Against a tonne of explosives, however, there is not much that can be done – except to cordon off the entire neighbourhood. Most of the Western embassies and consulates in Pakistan are protected in this way, but the Marriott, like other international hotels, government buildings and media offices, is on a main road that cannot be blocked without causing massive disruption. If the Islamist terrorists have matériel for many bombs of this type, protecting such targets will be impossible. If there are enough volunteers for suicide terrorism any public figure who condemns the extremists will be in mortal danger. The Pakistani State, with its overstretched, demoralised and desperately underfunded police, just does not have the resources to defend against a threat on this scale.
This is the real threat in Pakistan: not imminent “Islamic revolution”, state failure or loss of control of nuclear weapons, but a spread of terror, with sooner or later – as in Algeria and elsewhere – the State in desperation resorting to counter-terror in response. The State will survive but the bloodshed could dwarf anything seen since the loss of East Pakistan.
One effect will be to increase the stream of educated people leaving the country. In Peshawar many business and professional families are preparing lines of escape to Western countries. If this occurs across Pakistan, accompanied by a flight of foreign businessmen and foreign investment, economic growth will vanish, further fuelling extremism.
The willingness of the Pakistani Taleban (the Tehrik e-Taleban e-Pakistan, or TTP) to carry out massive terror attacks in Pakistan itself has been obvious since last month, when it killed dozens of workers at the munitions complex at Wah. I expected this to produce a strong reaction against them in the Pakistani public, but in the Pashtun areas at least this was not the case. All too many of the people I spoke to there were prepared to justify the attack because “this was a military target and the military are taking American money to kill their own people”, as one farmer told me.
Also of importance in sapping the population’s will to support tough action against the TTP is the extent to which conspiracy theories dominate much Pakistani popular and even elite thinking. Again and again I heard that the Wah attack was not the work of the TTP (even though they publicly claimed responsibility) but of the Indian, Israeli or US secret services.

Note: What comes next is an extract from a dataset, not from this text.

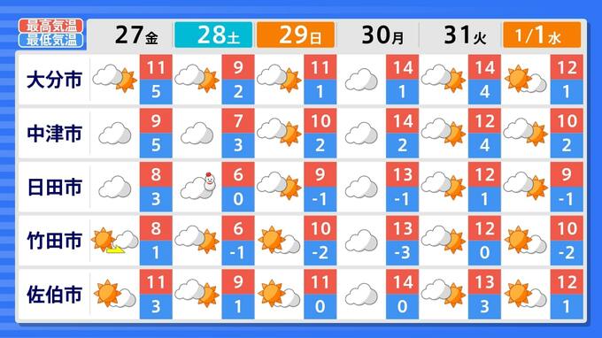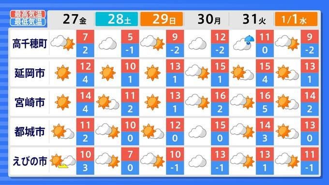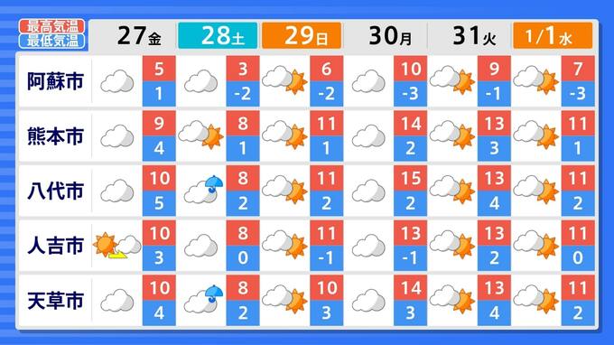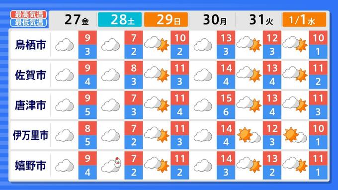 【1月1日元日】までの天気予報【福岡・佐賀・長崎・大分・熊本・宮崎・鹿児島】雨と雲のシミュレーション/初日の出情報 南日本放送 2024年12月25日(水) 12:30 国内 天気 元日までの週間予報/各地の初日の出時刻 27日(金)~29日(日)は気温が上がらず寒いでしょう。 1月1日元日は、晴れときどき曇りや、曇りときどき晴れが多く、初日の出が見られそうです。
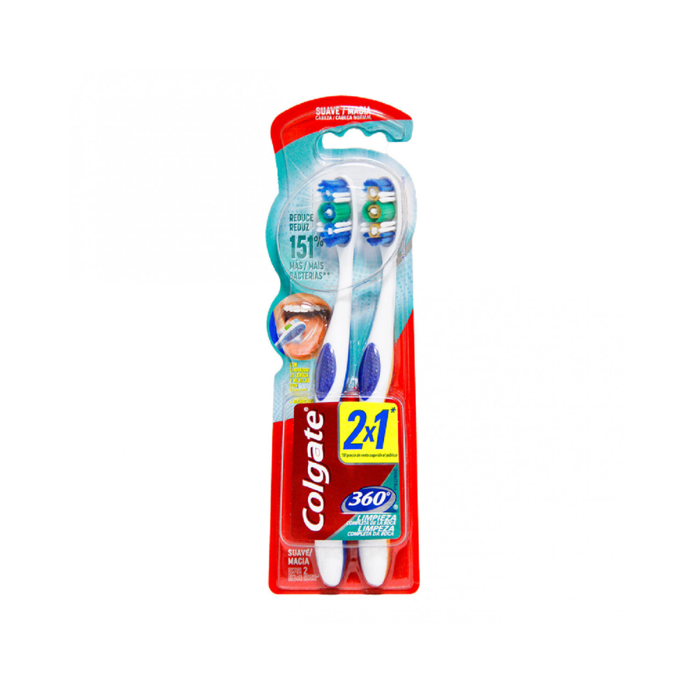 Cepillo Colgate 360 Limpieza Completa Suave x 2 unidades

The latest attack, however, may produce two good results. The first is a stronger determination in the civilian Government and the military to work together to defeat the extremists. The second is a reminder to the West that what happens in Pakistan is not just an aspect of our campaign in Afghanistan. Pakistan is a much more important country and is in serious peril. It needs all the help we can give.
Anatol Lieven is a professor at King's College London. He was previously The Times's correspondent in Pakistan and revisited it recently to research a book.